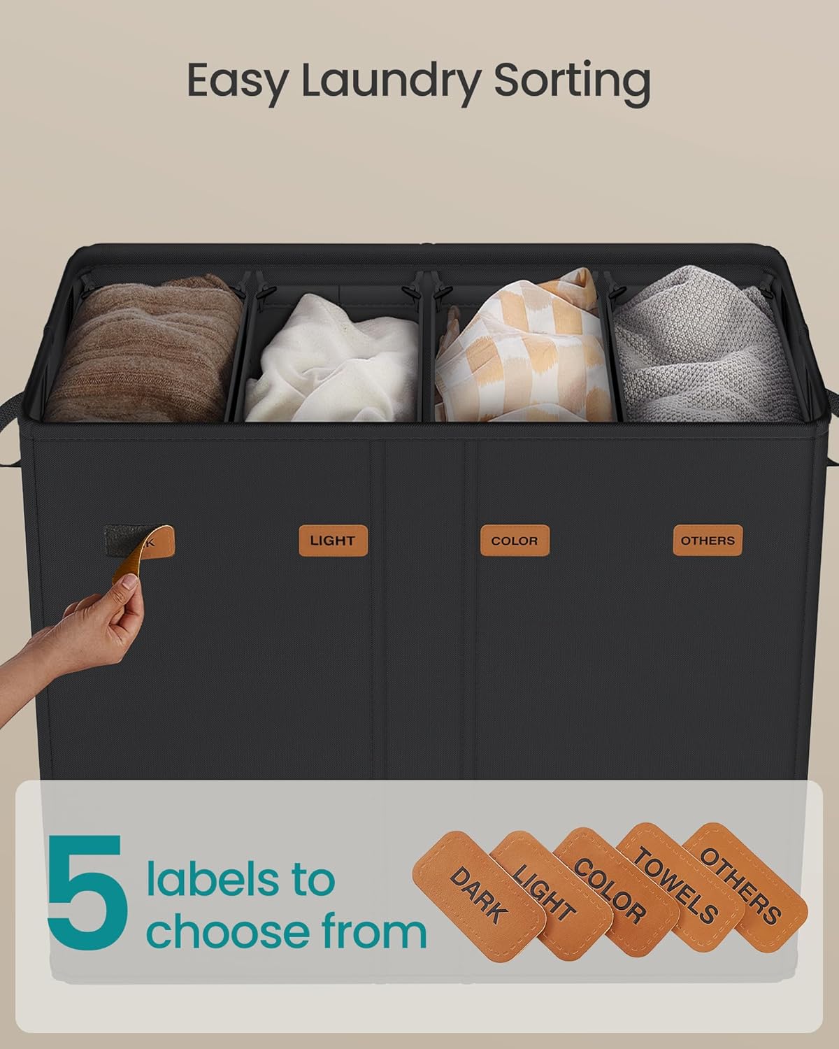 - 4 Compartments for Easy Sorting: Equipped with 5 labels (DARK, LIGHT, COLOR, TOWELS, OTHERS) and 4 compartments, this laundry basket makes it easy to sort your laundry, saving you time on laundry day
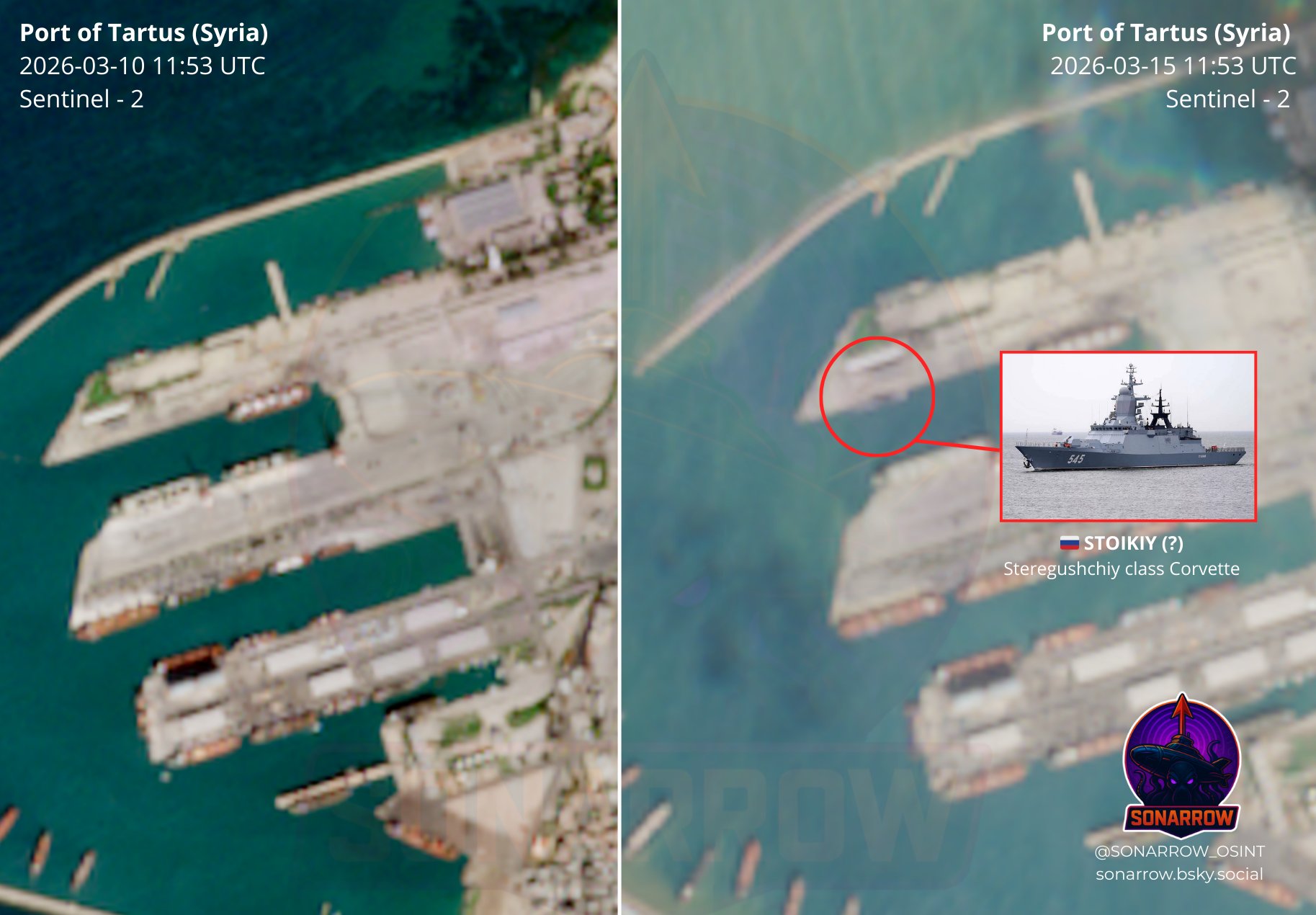 | … | 56無念Nameとしあき26/03/20(金)05:50:38No.1395045212そうだねx1 1773953438191.jpg-(224160 B) イラン海軍と合同演習して紛争勃発後足取りが途絶えてたロシアのコルベットStoikiyがシリアのタルトゥースに避難したのでは?との見解 |
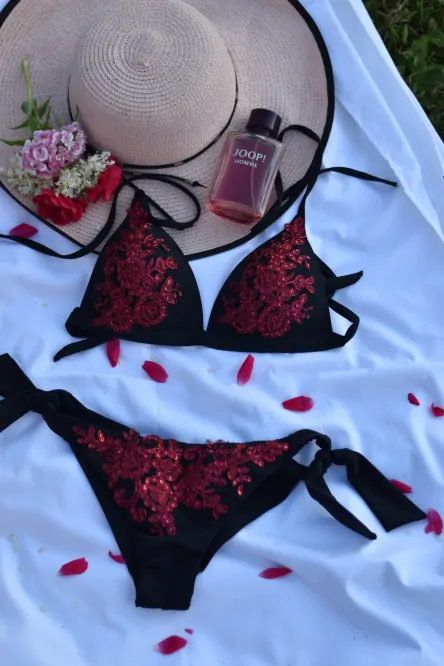 Táto elegantná plavková súprava upúta na prvý pohľad svojou výnimočnou flitrovou výšivkou, ktorá sa ligoce v slnečných lúčoch a vytvára hypnotizujúci efekt. Trblietavé zdobenie v kombinácii s premysleným strihom dodáva plavkám punc luxusu a originality.
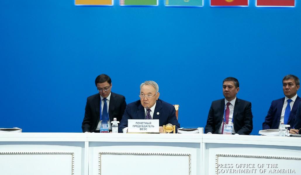 На встрече в узком составе президент Казахстана Касим-Жомарт Токаев заявил о присвоении первомупрезиденту Казахстана - Нурсултану Назарбаеву звания Почетного председателя Евразийского экономического союза и награждении его орденом “За вклад в развитие Евразийского экономического союза” с учетом его исторического вклада в становление Евразийского экономического союза. Премьер-министр Армении Никол Пашинян на заседании выступил с речью.

**What needs to be done:**
Print exactly what appears from the first line of the listing above down to the line containing "Táto elegantná plavková", inclusive, and leave out all pictures.

**Written response:**
 - 4 Compartments for Easy Sorting: Equipped with 5 labels (DARK, LIGHT, COLOR, TOWELS, OTHERS) and 4 compartments, this laundry basket makes it easy to sort your laundry, saving you time on laundry day
 | … | 56無念Nameとしあき26/03/20(金)05:50:38No.1395045212そうだねx1 1773953438191.jpg-(224160 B) イラン海軍と合同演習して紛争勃発後足取りが途絶えてたロシアのコルベットStoikiyがシリアのタルトゥースに避難したのでは?との見解 |
 Táto elegantná plavková súprava upúta na prvý pohľad svojou výnimočnou flitrovou výšivkou, ktorá sa ligoce v slnečných lúčoch a vytvára hypnotizujúci efekt. Trblietavé zdobenie v kombinácii s premysleným strihom dodáva plavkám punc luxusu a originality.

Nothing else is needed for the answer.